Comment from Matthew Franz
Time: July 25, 2008, 6:56 am
Chris,
Thats all well and good, but that didn’t answer my question about how different SCADA environments are impacted (by defining a practical attack sequence that actually accomplishes something) depending on whether they maintain their own DNS (I would guess some do) whether they use IT DNS (the majority) or rely on public DNS — and tying those different scenarios to specific consequences to specific devices (that may or may not even have resolver that may or may not yet have patches available for them yet) etc. etc.

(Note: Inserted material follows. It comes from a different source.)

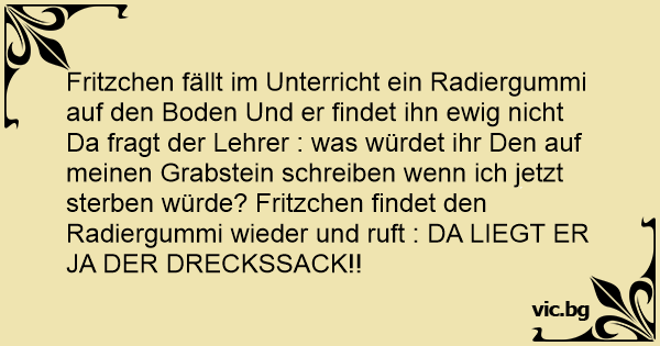 Fritzchen fällt im Unterricht ein Radiergummi auf den Boden Und er findet ihn ewig niсhт Da fragt der Lehrer : was würdet ihr Den auf meinen Grabstein schreiben wenn ich jetzt sterben würde? Fritzchen findet den Radiergummi wieder und ruft : DA LIEGT ER JA DER DRECKSSACK!!

Comment from Dale Peterson
Time: July 25, 2008, 7:30 am
Matt - I don’t think PLC’s or other field devices are the issue - - yet. Many of the newer control systems, especially those that leverage active directory, use DNS for all the workstations and servers. So the HMI rely on it to find the realtime servers, historians, application servers, … Of course, this should be a separate tree/forest that does not communicate outside the zone, but some asset owners and vendor guidance does not make this clear because of the convenience and management simplification of tying it to the corporate domain or tree.
Frank hit on a key point which are devices in a DMZ like a PI server. Both the corporate and certain control system components to need to know how to reach these devices and that is another reason asset owners give why the corporate and control DNS communicate. Of course there are easy ways to eliminate this communication.
Comment from Jake Brodsky
Time: July 25, 2008, 8:35 am
Dale, I still hesitate to recommend things such as DNS and Active Directory because I don’t see enough benefit to outweigh the potential havoc caused by failure.

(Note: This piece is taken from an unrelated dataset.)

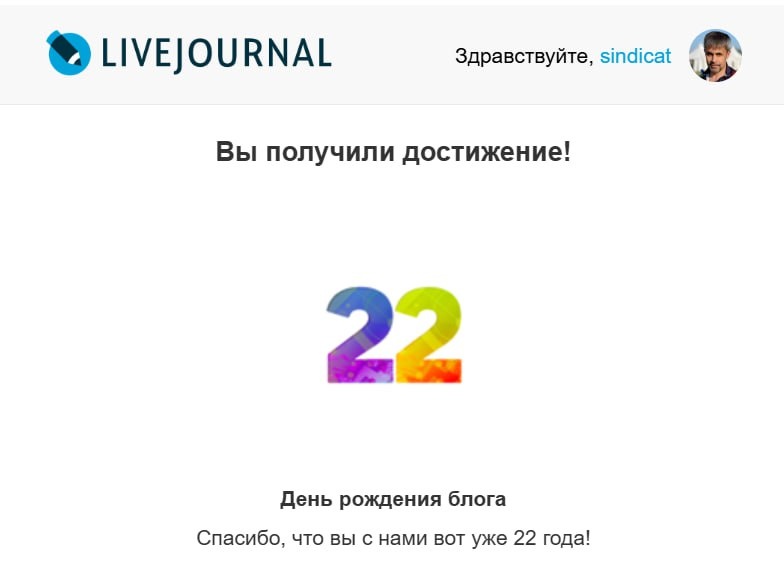 Меня тут "Живой журнал" поздравил.

For this reason, we still use HOSTS files or even raw addresses. In cases where we have M2M communications, we actually use a single cross-over cable.
In the few places where use a DNS, we make sure the HOSTS file is properly seeded with all the addresses we might need to keep things going, just in case the DNS system has been compromised. Lots of embedded devices are left out.
I know, a DNS is supposed to save us loads of trouble. The problem is that if it fails or is given incorrect information, we can get in to major problems. This is the trade-off between ease of management versus survivability.
Active directory is another area where the paradigm of centralized control versus distributed operations must be dealt with. We’re going to think long and hard before deploying anything this complex. The risk may not outweigh the reward.
Comment from Dale Peterson
Time: July 25, 2008, 8:55 am
Jake - probably depends on the size of your HOSTS file and how often it changes.
The point I’m making is when you buy some of the new SCADA or DCS system [system in this case meaning HMI, Historian, Realtime Server, OPC or other application server, ...], the standard install relies on Active Directory. Users are entered into AD; authorization is set in AD; single sign-on is through AD, which could be smart card or other two-factor for admins or users in physically insecure locations. Some of these are very impressive, but they do affect the attack surface and add DNS to it.
So my comment is not a question of if DNS is a good idea for control systems - - - which is a valid question with pro’s and con’s. It is an essential part in many unless they made changes to remove it which rarely happens when the vendor says this is how our system should be run.
Comment from Dan Kaminsky
Time: July 27, 2008, 2:50 pm
I am the original finder of the bug.
Chris–no, your defense won’t work. If it will resolve a name from the Internet, it’s vulnerable. Any web browser or mail server can drive the resolution.
Jake–your paranoia makes me very happy. HOSTS files are indeed safe.